Печаль в том, что клетки просматриваются насквозь, и мимо них вечно снуют люди. Я бы перекинулась в жучка и наслаждалась свободой, не будь я постоянно на виду. Приходится покорно отбывать наказание в облике паренька в серой тунике, и это меня несколько злит. Я – сущность, а сущности не должны покоряться людям. По крайней мере, вопреки собственному желанию. Я сижу на крепких шершавых досках, уткнувшись лбом в холодные грубые прутья, и злюсь на Хальданара. Он решил, что ему дозволено обращаться со мной так, как господин обращается со слугой, и это его ошибка. Я могу носить серую тунику без белья и чистить котелки на кухне, пока такова моя игра, но я никогда не стану ни слугой, ни человеком по-настоящему.

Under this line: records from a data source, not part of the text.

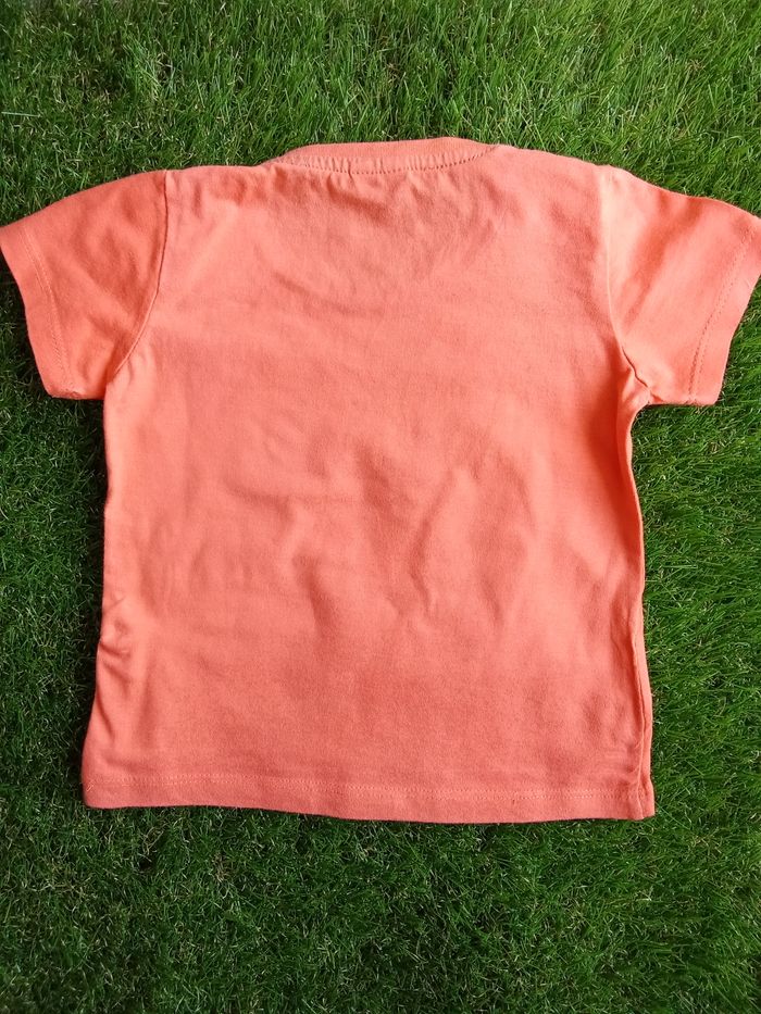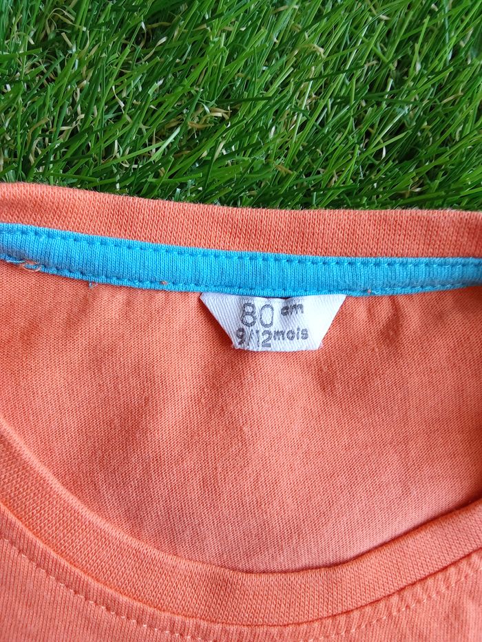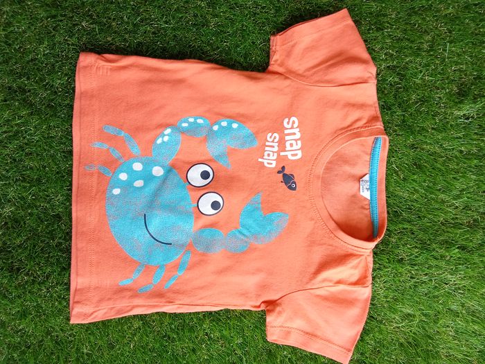 T-shirt sans marque orange avec un crabe bleu, taille 9-12 mois Référence : 375
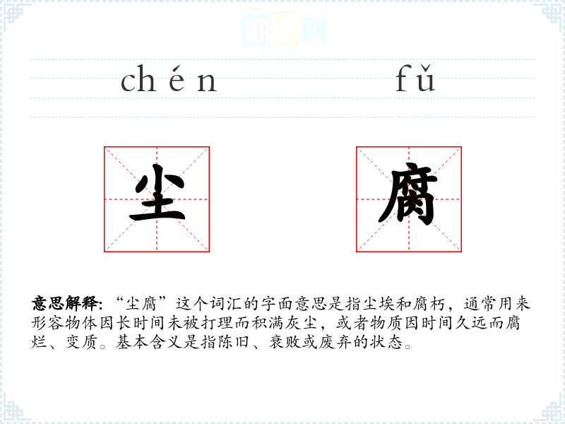 “尘腐”这个词汇的字面意思是指尘埃和腐朽,通常用来形容物体因长时间未被打理而积满灰尘,或者物质因时间久远而腐烂、变质。基本含义是指陈旧、衰败或废弃的状态。
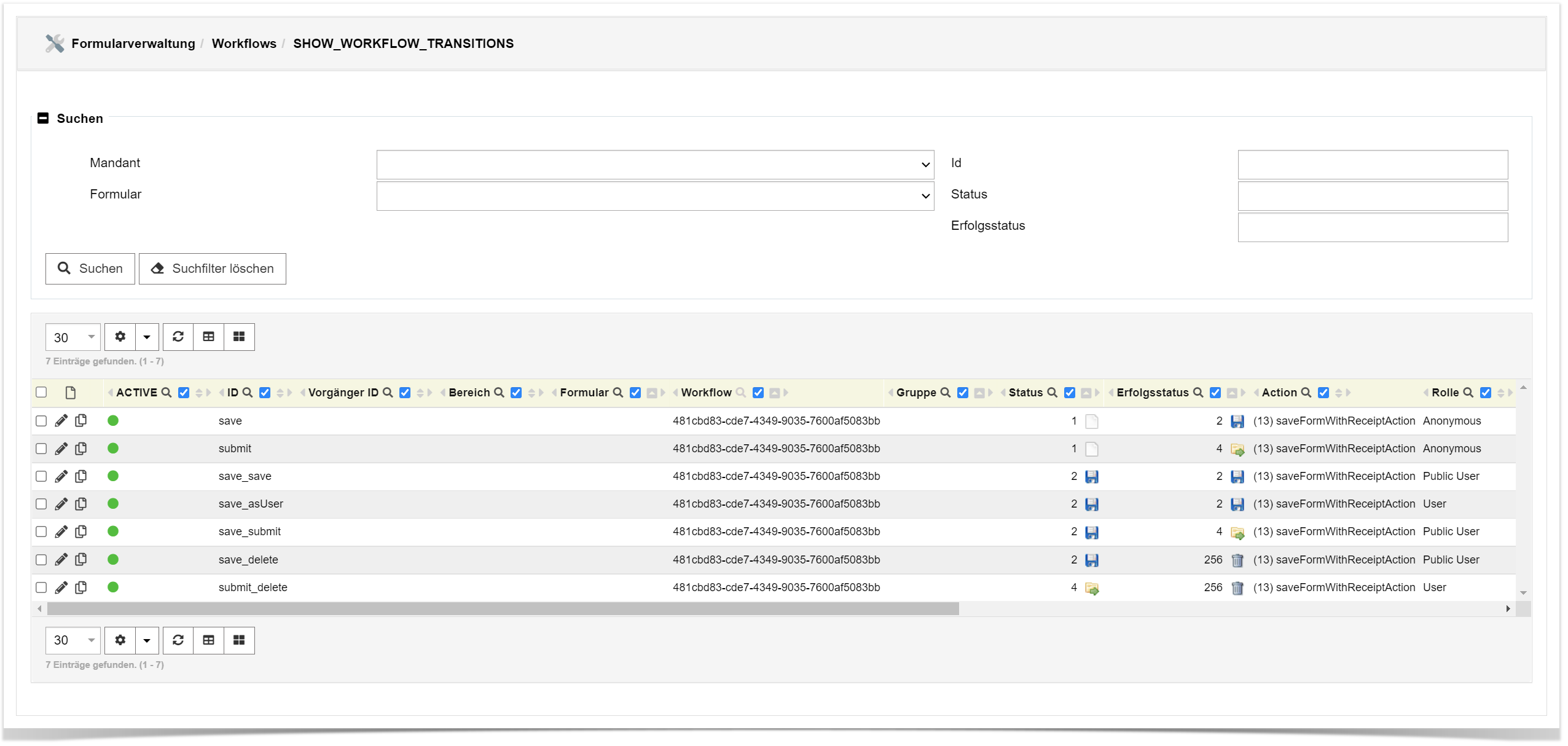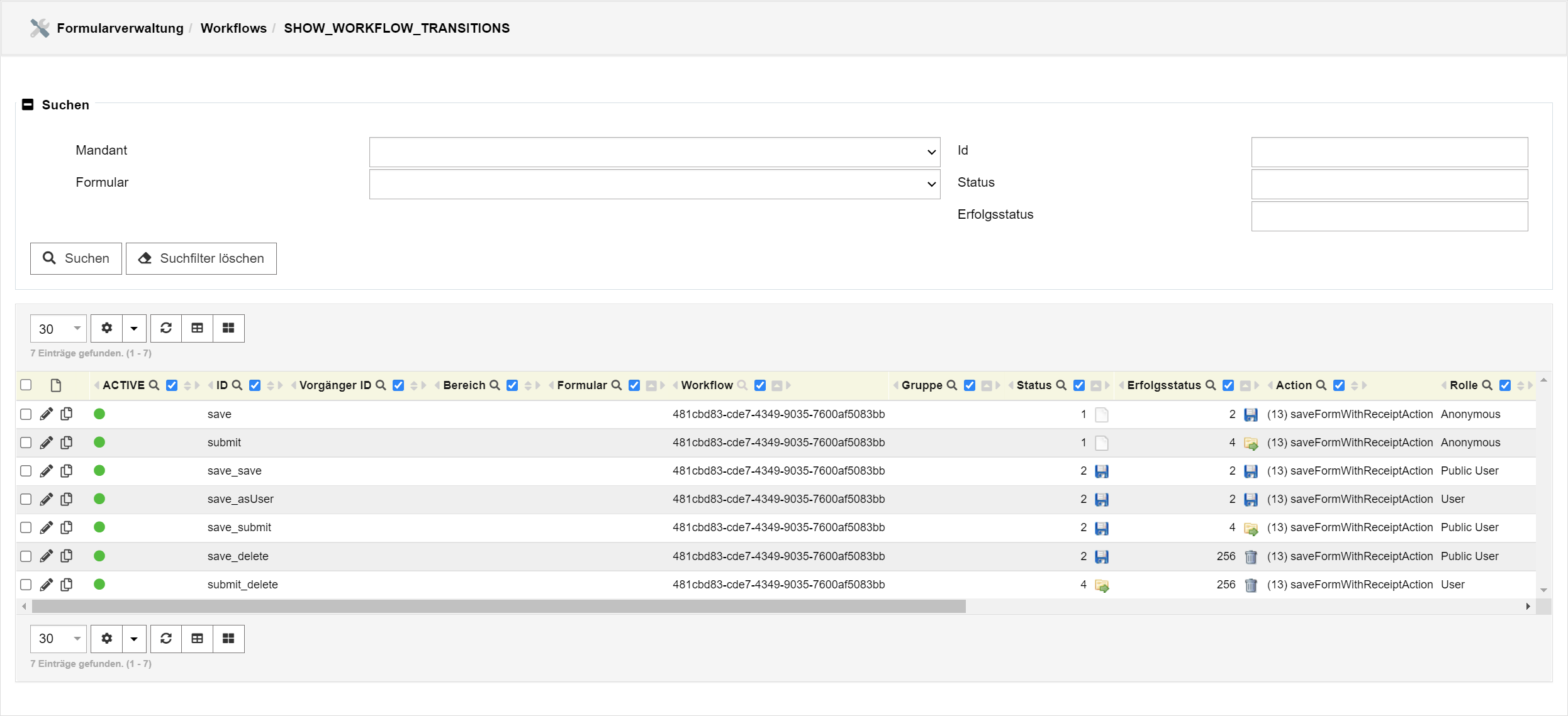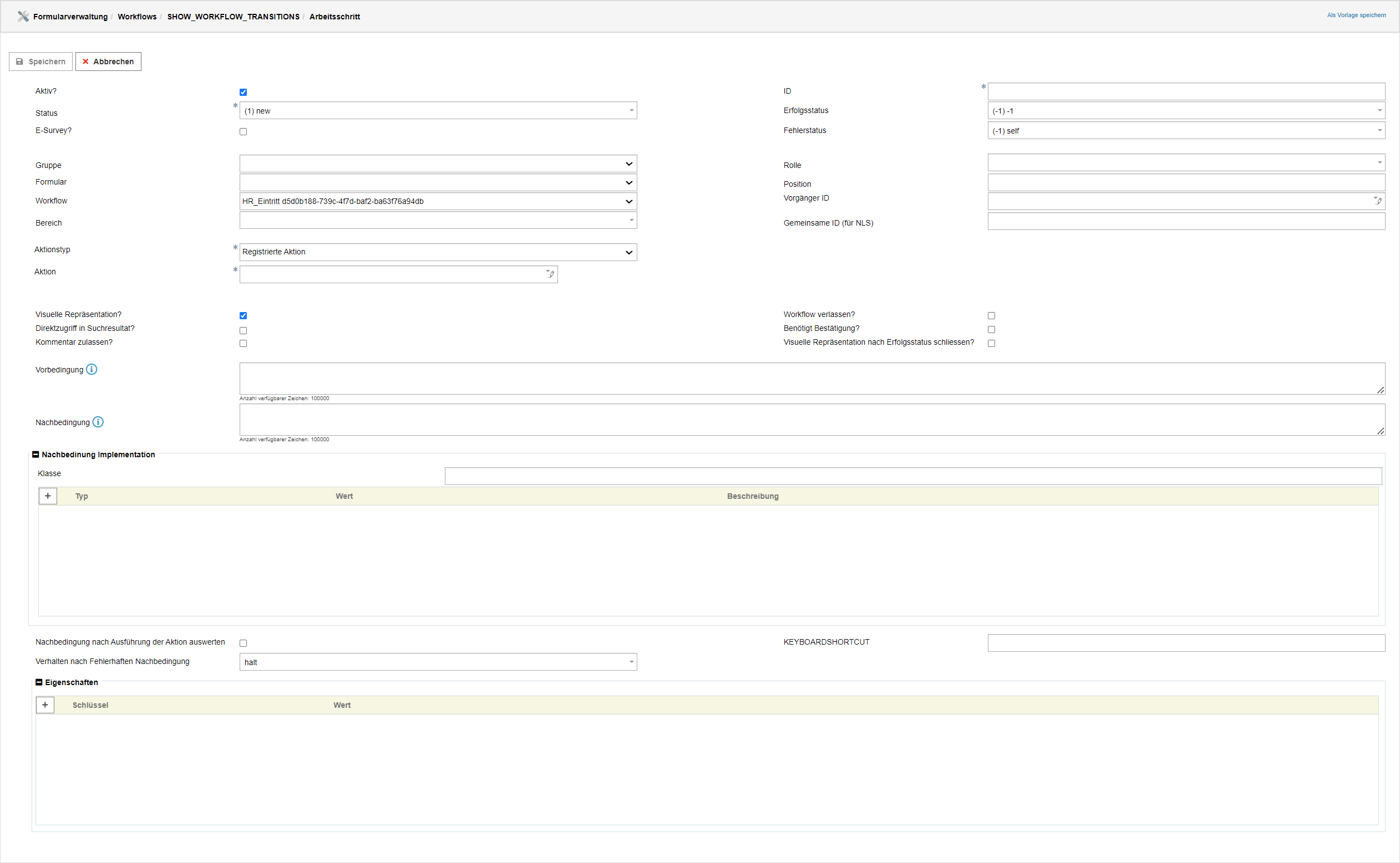 Die Workflow-Übergänge definieren die Weitergabe des Formular-Prozesses von einem Status zu einem anderen. Der eigentliche Arbeitsfluss wird mittels Workflow-Kanten (Transitions) determiniert, in dem man eine Aktion zwischen zwei Status festlegt.

Первые сутки взаперти я беспрерывно злилась. Меня раздражало поскрипывание цепей над головой, вызываемое малейшим моим движением, раздражало пыхтение слуг, таскавших тяжелые ведра с водой и чаны с горячим супом, раздражала болтовня адептов, суетливо пробегающих мимо. Когда жрецы видят суетливых адептов, они бьют их арапником по плечам, требуя разгуливать степенно и разговаривать с достоинством. Эти ученики совсем не чувствуют гордости, положенной им по праву рождения в высоких жреческих домах, не умеют кичиться, как надлежит. Возможно, это оттого, что их селят в каменных каморках, кормят пшенной похлебкой, заставляют ходить без штанов, и бьют арапником по плечам.